◆ **AIM OF THE EXERCISE**
From the data below, set down exactly the lines between the one holding "ПО ГОРОДАМ И" and the one holding "Впечатления от симпозиума", inclusive, and no others.

◆ **RECORDS FOR THIS EXERCISE**

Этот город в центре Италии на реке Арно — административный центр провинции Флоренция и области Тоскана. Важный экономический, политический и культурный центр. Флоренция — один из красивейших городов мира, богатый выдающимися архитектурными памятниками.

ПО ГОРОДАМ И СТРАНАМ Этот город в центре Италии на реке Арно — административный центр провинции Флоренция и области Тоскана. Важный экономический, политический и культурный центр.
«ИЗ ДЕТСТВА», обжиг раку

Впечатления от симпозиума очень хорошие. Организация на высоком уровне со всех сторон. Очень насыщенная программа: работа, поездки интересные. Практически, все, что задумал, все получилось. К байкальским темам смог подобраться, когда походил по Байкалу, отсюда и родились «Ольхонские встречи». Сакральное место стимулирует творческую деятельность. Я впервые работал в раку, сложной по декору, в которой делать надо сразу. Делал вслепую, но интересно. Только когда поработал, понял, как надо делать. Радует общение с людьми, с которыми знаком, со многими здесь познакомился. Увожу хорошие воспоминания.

---

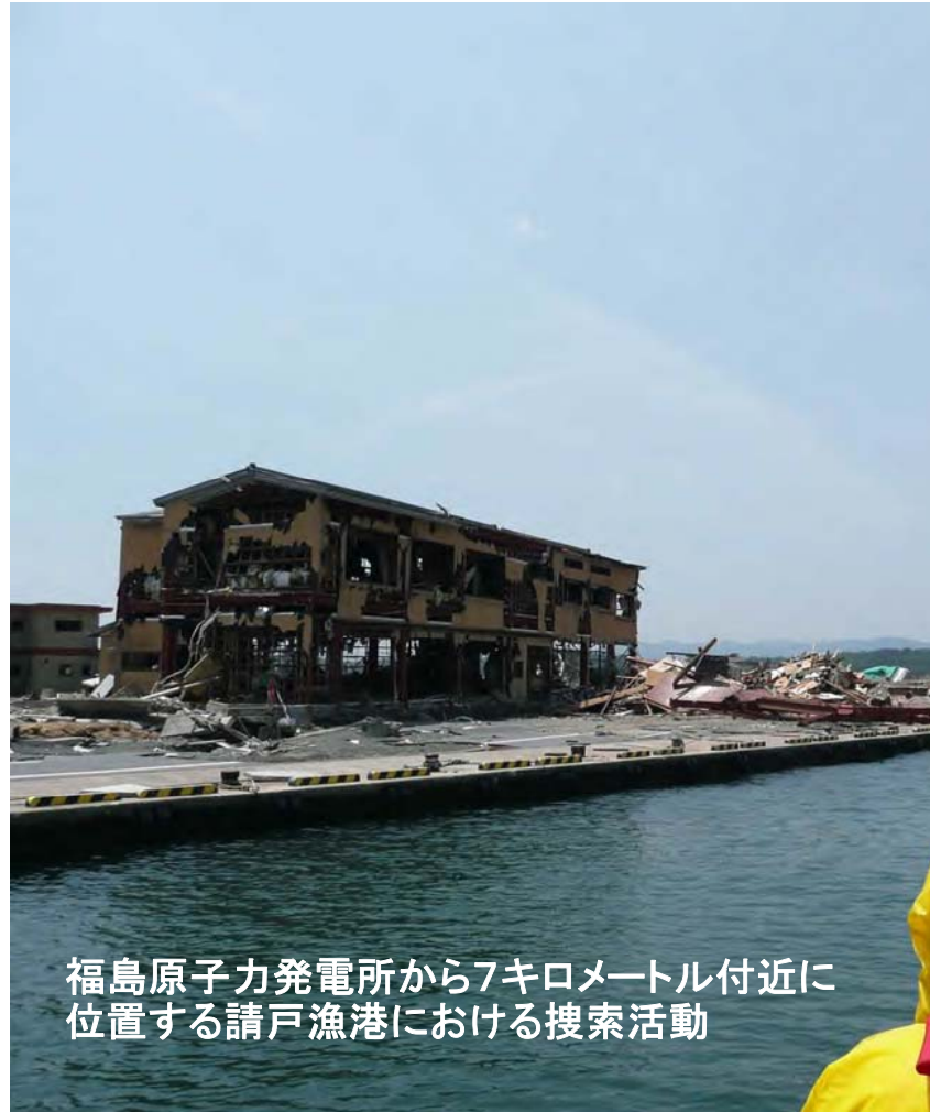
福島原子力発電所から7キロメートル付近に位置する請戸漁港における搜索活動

==

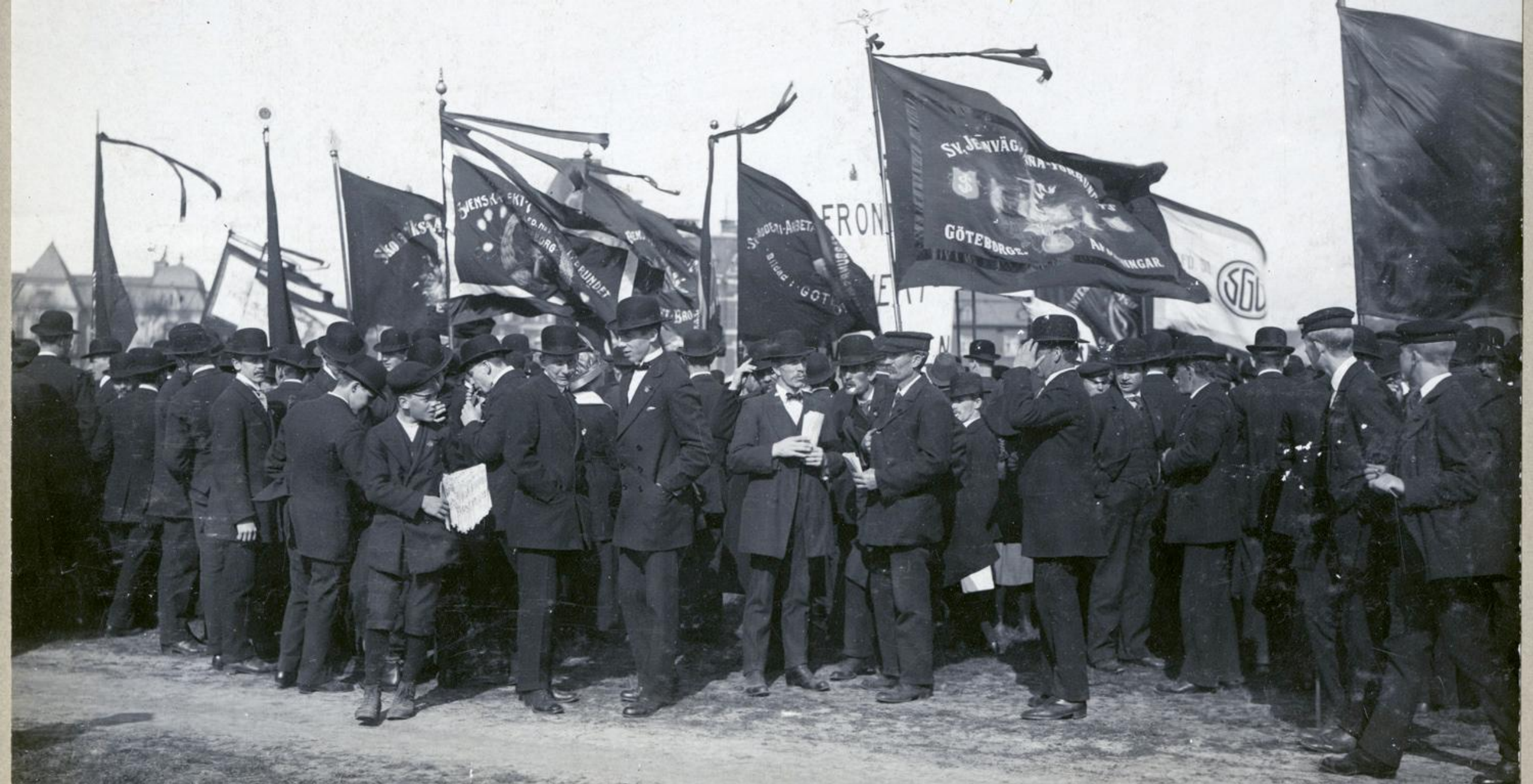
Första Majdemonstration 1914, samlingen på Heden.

◆ **TASK ANSWER**
ПО ГОРОДАМ И СТРАНАМ Этот город в центре Италии на реке Арно — административный центр провинции Флоренция и области Тоскана. Важный экономический, политический и культурный центр.
«ИЗ ДЕТСТВА», обжиг раку

Впечатления от симпозиума очень хорошие. Организация на высоком уровне со всех сторон. Очень насыщенная программа: работа, поездки интересные. Практически, все, что задумал, все получилось. К байкальским темам смог подобраться, когда походил по Байкалу, отсюда и родились «Ольхонские встречи». Сакральное место стимулирует творческую деятельность. Я впервые работал в раку, сложной по декору, в которой делать надо сразу. Делал вслепую, но интересно. Только когда поработал, понял, как надо делать. Радует общение с людьми, с которыми знаком, со многими здесь познакомился. Увожу хорошие воспоминания.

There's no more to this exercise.